By David Kerr
You’ve submitted your application for an I-502 license.
You should realize that the Washington State Liquor Control Board rules are being interpreted and implemented in real time as the licensing process unfolds.
The following information is based on a reading of the rules as published and communications with the Liquor Control Board about how the rules will be applied, but everything in this process is a matter of first impression in Washington state.
Someone could (and probably will) challenge the Washington State Liquor Control Board on the residency requirement or some other aspect of financing rules, and those rules will change (and then perhaps change again).
Find a good counselor or advisor who is tuned into the process; keep an eye out for any changes; don’t assume that what seemed clear last week is still the same the next week; ignore rumors; stay flexible and positive; persevere; get that license!
Investors, Financiers and True Parties of Interest
You have had (or will soon have) your initial telephone interview. In this interview, one of the things the Liquor Control Board is primarily interested in is your start-up costs and how you intend to finance those costs.
Unless your answer is “I have had all the money I need sitting in my bank account for months, just waiting for an opportunity like this,” then you are likely going to need to bring in investors or other financial resources.
Bringing in investors or financiers for an I-502 business can present unique challenges that other business entrepreneurs don’t face. It is important to think about the challenges before bringing in an investor or financier and getting your application process twisted up with the Liquor Control Board.
Investors and financiers are treated differently by the Liquor Control Board. Generally, investors will almost always be “true parties of interest” who are treated the same as an applicant for the purposes of residency, criminal background history and finances.
Financiers, on the other hand, are not always true parties of interest and have a somewhat easier time when it comes to residency requirements (although a financier will still go through the criminal and financial investigation).
It is important to understand the different treatments so you don’t inadvertently have a financier become a true party of interest.
A true party of interest is a person who has an equity interest in the business (member, partner, shareholder, etc.), or exercises control over the business, or has the right to receive a percentage of the gross or net profit from the business (WAC 314-55-035).
A financier is any person or entity (other than a bank) that provides money as a gift or loans money to the applicant or business and expects to be paid back the amount of the loan either with or without interest (WAC 314-55-010).
Here is the kicker – if a financier has the right to receive a percentage of the gross or net profit from the business, rather than merely collecting interest on a loan (or gifting you the money because they really like you), the financier becomes a true party of interest and is treated like an applicant.
This is really important when it comes to the applicant residency requirement (and a true party of interest is considered the same as an applicant by the Liquor Control Board).
How Does Residency Affect True Parties of Interest and Financiers?

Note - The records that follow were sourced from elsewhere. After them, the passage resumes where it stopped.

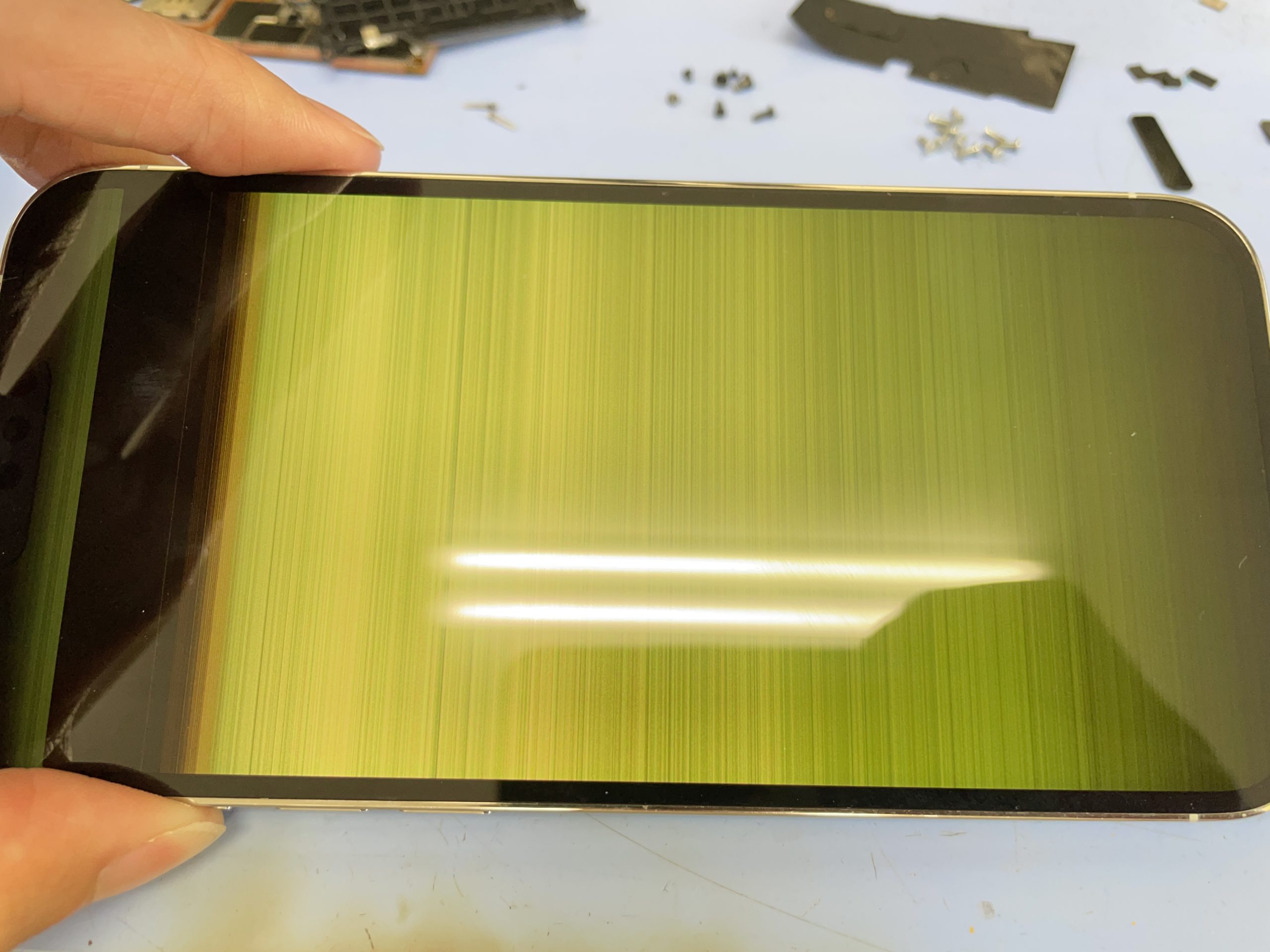 今回の端末は画面全体が黄色のノイズが点滅している状態でした。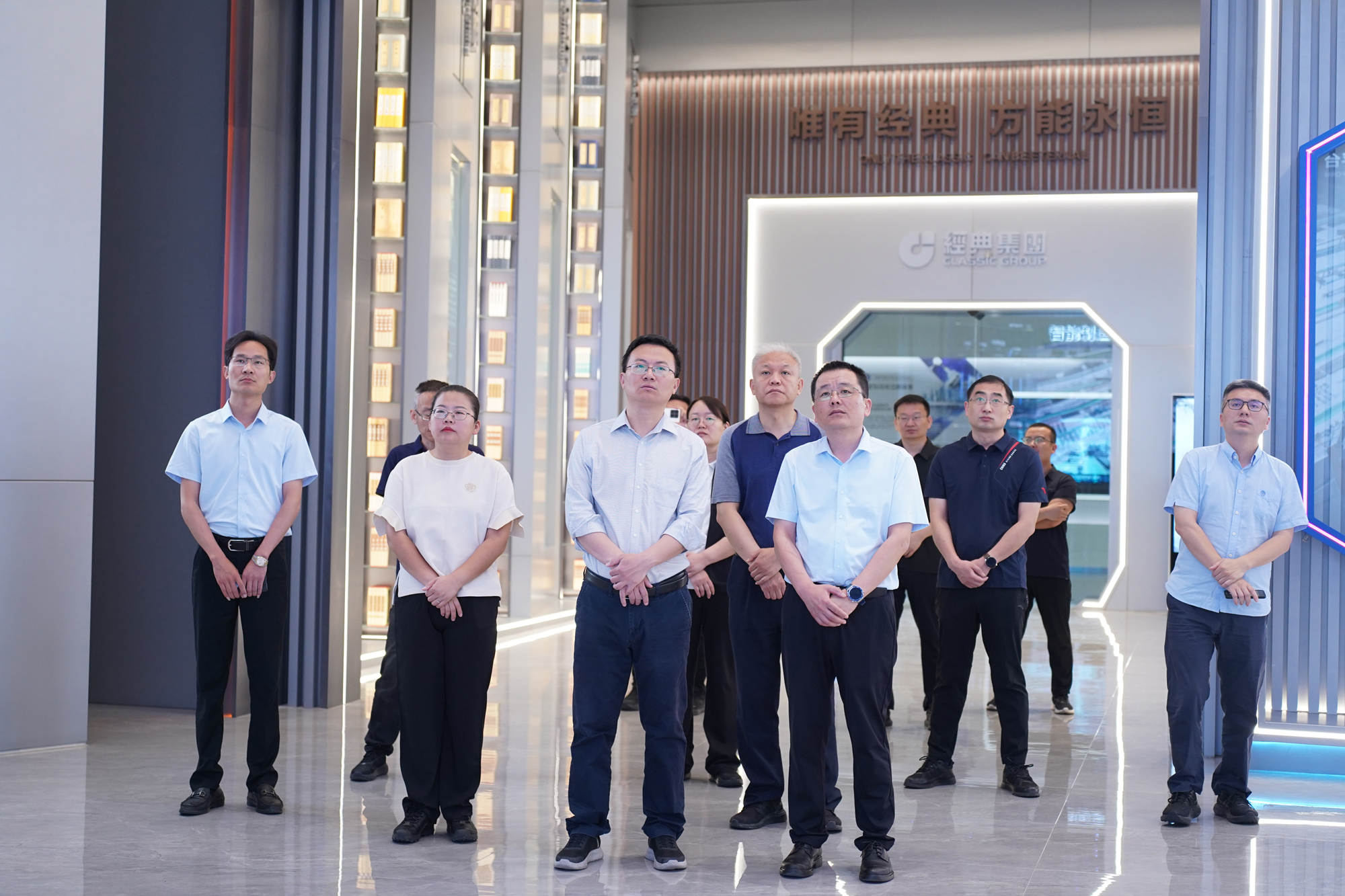 調研組實地考察了經典重工事業園、裝配式科技園及智慧物流園等,重點查看高端裝配式建筑集成房屋項目生產線、數字化信息平臺及二期國際制造線建設,深入了解企業在裝配式鋼結構建筑領域的全產業鏈布局,對項目推動綠色建材產業化的示范效應給予肯定。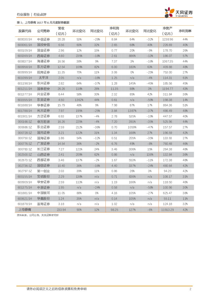 天风证券:证券行业六月财务数据点评:月度业绩环比强势,同比承压;七月继续看多券商.pdf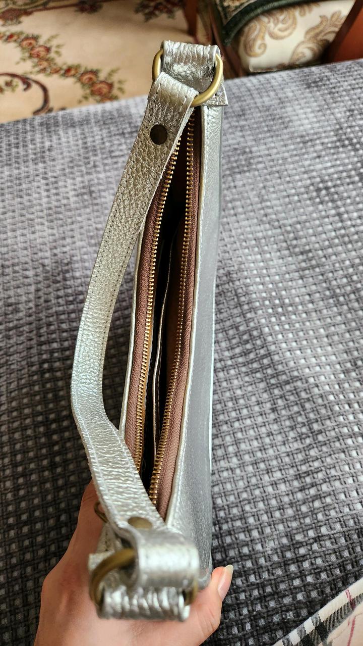 Продам сумочку натуральная зернистая кожа серебряного цвета. Ручная работа из Вьетнама Внутри 2 отделения, одно на замке Артикул: 575061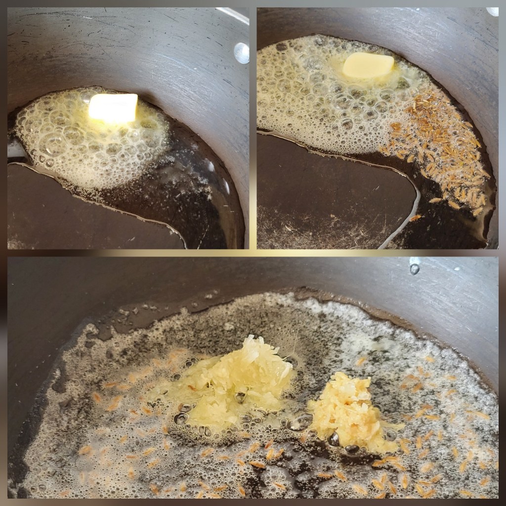 9. Add cumin seeds, sauté briefly, then add the grated ginger and garlic.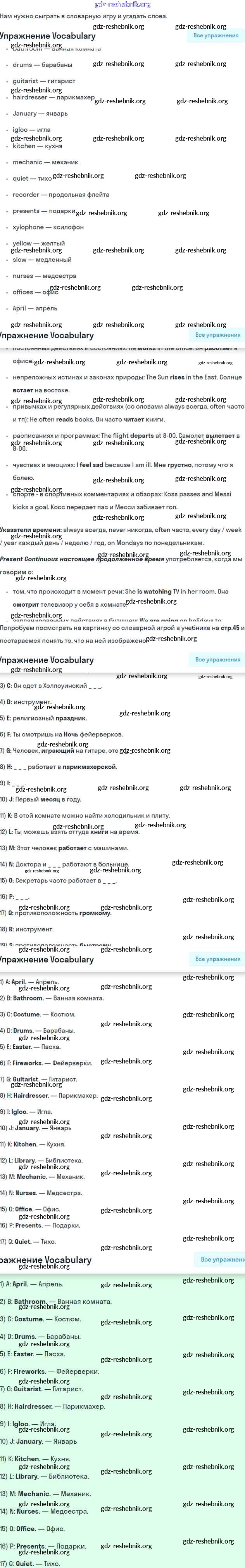 gdz-reshebnik.org - сайт готовых домашних заданий и решебников для школьников по Английскому языку для седьмого класса. Предоставляем готовые ответы на задания, авторские материалы к Учебнику Комарова, Ларионова Инновационная школа - Страницы 45 . Основная часть контента представлена в бесплатном онлайн-формате с удобным и простым интерфейсом.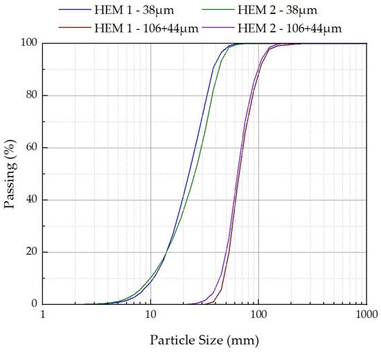 Bulk quantitative chemical analysis of the coarse and fine fractions of Hematite-1 (H-1-C, H-1-F) and Hematite-2 (H-2-C, H-2-F) was performed by XRF (Malvern Panalytical Zetium X-ray fluorescence spectrometer) (Malvern Panalytical, Worcestershire, UK) by using a lithium tetraborate fusion flux. Calibrations are related to the quantitative analysis by the comparison with certified references. The loss by ignition (LI) was performed by exposing the samples to heat (1020 °C) for 2 h in the oven. Further qualitative and semi-quantitative analysis of chemical elements found in the two different types of hematite raw particles (−106 + 44 µm) and the polished sections mounted on stubs and carbon coated were detected by Scanning Electron Microscopy (SEM) using the energy dispersion detector (EDS) INCA x-act (Oxford Instruments, Abingdon, UK) coupled with the microscope model Stereoscan 440 (LEO) (Leica Cambridge, Ltd., West Midlands, UK).

Initiative 502 and the rules adopted by the Washington State Liquor Control Board (WAC 314-55-020) require that all applicants applying for a marijuana license must have resided in Washington for at least three months prior to the application for a marijuana license.
Since true parties of interest (investors that have an equity interest in the business or financiers that have the right to receive a percentage of the gross or net profit from the business) are treated as applicants, it is necessary that they have resided in Washington for at least three months prior to the application. Not three months before they are added as a member of your LLC, or before they became shareholders in your corporation, or before you sign a financing agreement that entitles them to a percentage of profits from your business.
It means three months before you submitted your application in November or December of 2013.
This also means that your brother or cousin or friend that moves to Washington sometime in 2014, with the intent of becoming a member of your LLC, or a partner with you in your marijuana business, may run into trouble because (as a true party of interest) they didn’t reside in Washington for three months prior to the date of your application.
On the other hand, a financier who only provides money as a gift or loans money does not appear to have the same residency requirement as a true party of interest.
While they still have to be residents of Washington, it does not appear that they need to have resided in the state for three months prior to the time of the application.
That means that a financier could establish residency after the date of the application and still gift or loan money, as long as the financier didn’t cross the line and become a true party of interest.
A word About Spouses
The Liquor Control Board considers the spouse of any true party of interest as a true party of interest in their own right. So if your investor has a spouse who is uncomfortable, unwilling or unable to comply with the residency requirements, criminal background history or financial disclosures required as part of the license application process, this is going to cause you problems with your application. Make sure you consider spouses when looking at potential investors.
David Kerr is of counsel with Fifth Avenue Law Group in Seattle.